The shoe on display in the Renaissance section of the exhibit is somewhat hidden in a case of ceramic plates and decorative pieces, which always attracts a few comments. As a lover of high heels, I can’t even count how many times I have been asked how I walk in them or if they are comfortable. The featured Louboutin shoe is not a high stiletto with its perfect pitch and vamp. 

16th-century chopine

Blending history and art into many of his designs, the 1995 Death in Venice shoe is inspired by a platform shoe owned by Mae West in the 1930s and a shoe dating back to the 15th century. The Venetian chopine design, created during the Renaissance, consisted of a large wood or cork base that could be up to 20 inches high. More of a wedge platform, the shoes were difficult to walk in without assistance. Favored by Venetian courtesans, they were often designed and covered in the same fabric as their dresses. While Renaissance dresses featured pannier hips and wide silhouettes, the height usually hidden by the dress made the ladies appear taller. 

In 1430, a law was passed requiring that shoes be limited to three inches in height, although it was never enforced. Louboutin’s design is a twelve-inch-tall, wood-based chopine covered in brown suede and embossed with honey gold gilding, featuring a checkerboard pattern. 

Another beautiful everyday object also mirrors the gilded gold work found on the shoe. A majolique ceramic basin dates to 1500 and once had an ewer (pitcher) that sat inside. Majolique was extremely popular during the Renaissance and originated in Spain and Italy. Much like the enameled copper seen in the Viktor + Rolf dress, these ceramics are also created in the same manner. 

The biscuit ceramic is first fired, then the initial enamel glaze is applied. The colored lead glaze contains tin oxide, which reacts with the metal to create a surface that is easier to paint on and also produces a brighter result.

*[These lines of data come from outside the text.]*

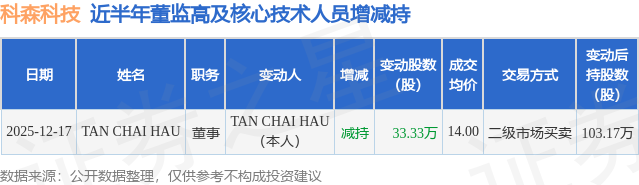 证券之星消息,根据12月17日市场公开信息、上市公司公告及交易所披露数据整理,科森科技(603626)最新董监高及相关人员股份变动情况:2025年12月17日公司董事TAN CHAI HAU共减持公司股份33.33万股,占公司总股本为0.0601%。变动期间公司股价上涨6.97%,12月17日当日收盘报14.11元。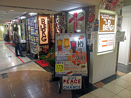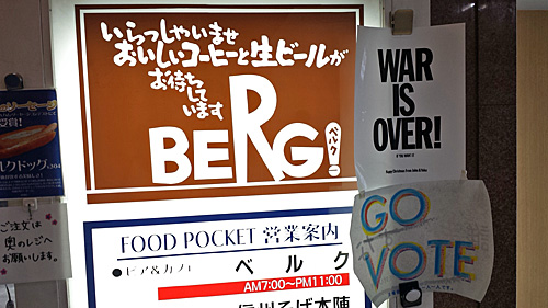 看板の管理権限がベルクの側にあるのだとしたら、看板のデザインの中に「WAR IS OVER!」の表現を取り込んでしまえば、どこからも文句の付けようがありませんね。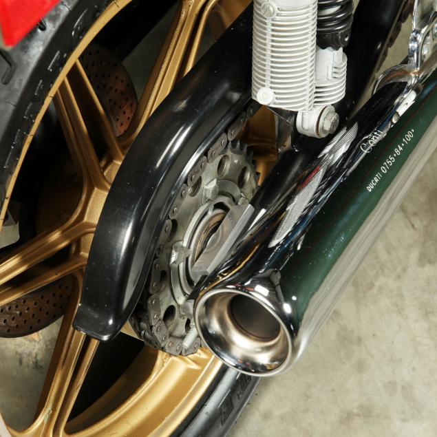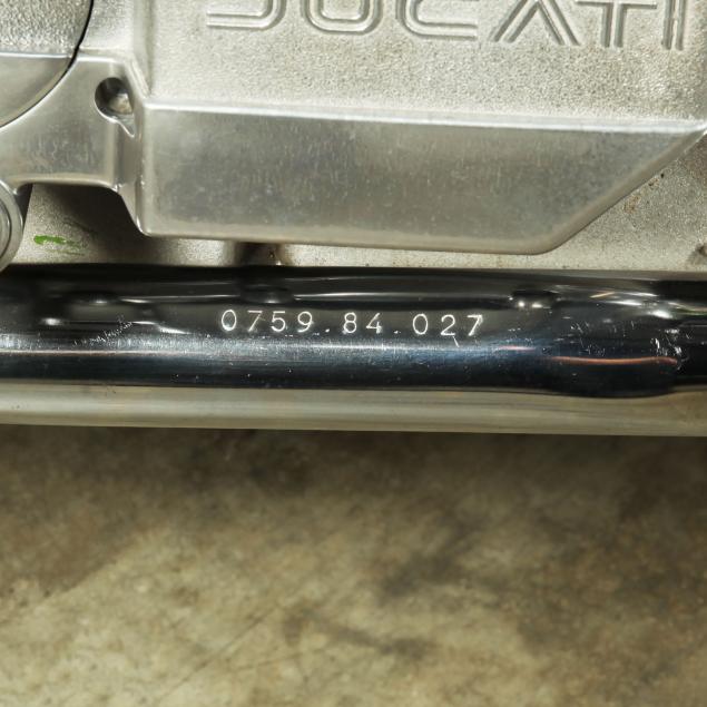 With a 864 cc air cooled 90 degree V-Twin four stroke engine with bevel gear drive, producing 68 horsepower and a five speed transmission. Twin 40 mm carburetors with cone type air filters. With Brembo brakes front and rear, and Marzocchi adjustable rear shocks. It features electric start, and Nippon Denso instruments and switches for reliability. A Conti dual exhaust is installed, with the original two into one single exhaust is included along with the center stand that was removed from the bike.

The basin is decorated with a plant motif around the naval of the plate, which features two shaking hands topped with a crown symbolizing fidelity. The plate is primarily gold with cornflower blue accents and thin black outlines. Created in Duruta, Italy, it was once part of the extensive collection of Giampietro Campana. 

The Marquis Campana was the third generation holding the title of director of the pawn shop in Rome. A bit different than what you would find on American TV, but the same general idea. Giampietro was raised around beautiful things. Art, goldsmithing, and Etruscan antiquities, and loved to add to the family collection. When items arrived, he kept a few for himself and also used some of the official funds to purchase more, as well as to orchestrate his excavations. 

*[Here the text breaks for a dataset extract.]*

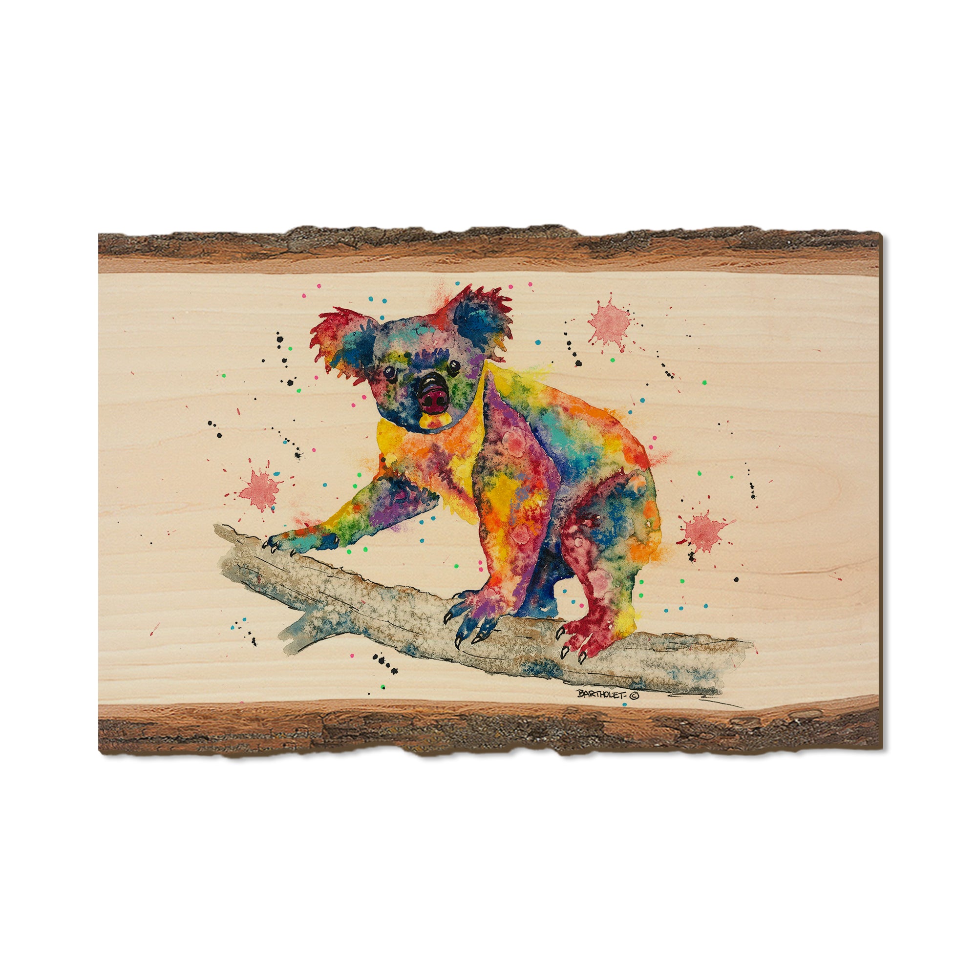 - Laser charred edge and colorful imagery to create a believable 'live edge'.

In 1857, it all ended when the Papal State arrested the Marquis and sentenced him to prison, seizing his entire collection. In 1861, it was sold, and an old friend rushed in to purchase the bulk of it. Campana married Emily Rowles in 1851—an Englishwoman whose family was close with Louis Napoleon, the future Napoleon III. 

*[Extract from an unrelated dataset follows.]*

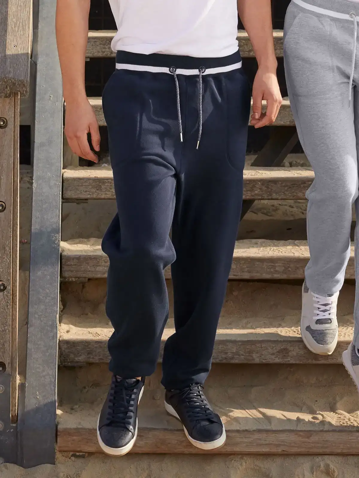 80% cotone, 20% poliestere. Panta da jogging trendy. Tessuto morbido e di alta qualit��, felpato internamente, polsini a maglia di elastan, strisce contrastanti nei polsini e in vita, con cordone. 2 tasche laterali, 1 tasca sul retro.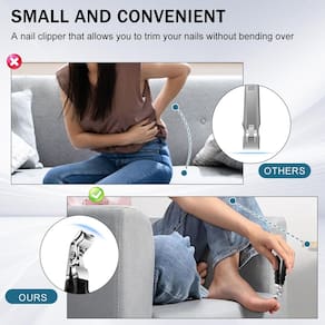 - [Design ergonômico] Esses cortadores de unhas para idosos têm um ângulo exclusivo para facilitar o uso, especialmente para as unhas dos pés, e incluem um coletor de unhas embutido para evitar que os recortes se espalhem. Esse design é ideal para reduzir a necessidade de se curvar desconfortavelmente, tornando-o a melhor escolha para mulheres, idosos e pessoas com dores nas costas

In 1861, Napoleon III acquired items that once belonged to the Marquis, thereby enriching the antiquities department of the Louvre and adding more than 11,800 items and 641 paintings of most Italian primitives dating to the 14th & 15th centuries. A large majority of the antiquity items are housed in the Louvre's Campana rooms, and most of the paintings are located in the Petit Palais in Avignon. 

These rooms in the Louvre are filled with Etruscan and Greek vases, and the ceilings are incredible—more on those another day.